Excellent work! I think another way of looking at it is to determine that the half lengths of the square is x/2, and by using the line you drew for the triangle you would quickly find that y actually is 5 - x/2, thus making the equation being: (5 - x/2)squared + (5-x) squared = 5 squared.

Me at 2am for no reason

Im not sure how i feel about the title of this video

Wow. I love how this used such simple math in combination to solve a bigger problem

This is why i always loved maths!!! Its logic always felt almost magical! Like anything can be explained and solved with Mathematics!!

For a general solution, using: "r" for Radius; "L" for lenght of the square side; the triangle drawn at 00:26, Use sin^2+cos^2=1. Sin=(r-L/2)/r ; Cos=(r-L)/r.
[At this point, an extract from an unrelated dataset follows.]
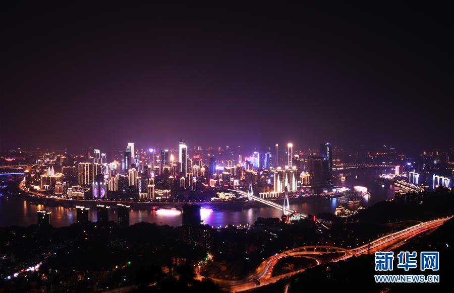 這是4月9日拍攝的重慶城市夜景。 千里為重,廣大為慶。城在山水間、山水在城中,重慶頗具特色的立體城市景觀是城市靚麗的名片。 新華社記者 王全超 攝

Solving for L, you get a 2nd degree equation in which the solutions are 2r and 2r/5. As you know the side L is smaller than R, the only valid answer is 2r/5. For radius=5, L becomes 2, thus the Area (L²) = 4.

A simpler solution (what I did) is to draw a perpendicular from the base to the point where the circles meet, so y = 5 - x/2. Then the Pythagoras and quadratic method is just the same but there’s only one variable

Choose a coordinate system such that its origin is at the center of the bottom edge of the red square, y and x axes point towards up and to the right respectively. Since the top right corner (x,y) is on the circle we can write (x-r)²+(y-r)²=r² and if that point (and its mirror image on the other circle) would be moved a bit on the circle, it would distort the red square into a rectangle. The only way it will remain square is when y=2x. Substitute y into the equation of the circle and solve for x: (x-r)²+(2x-r)²=r². x²-2rx+r²+4x²-4rx+r²=r². 5x²-6rx+r²=0. Solutions: x=r and x=r/5. Reject the first and the area is A=2xy=4x²=4r²/25=4

I always find the little tricks used to determine side lengths so fun. Good Job!

that was exciting! I no longer have the brain for hard math stuff like this but watching people solve problems like this is very fun thanks for bringing some joy to my night

You reminded me of my childhood. Those were some of the most tensed moment preparing for competitive exams.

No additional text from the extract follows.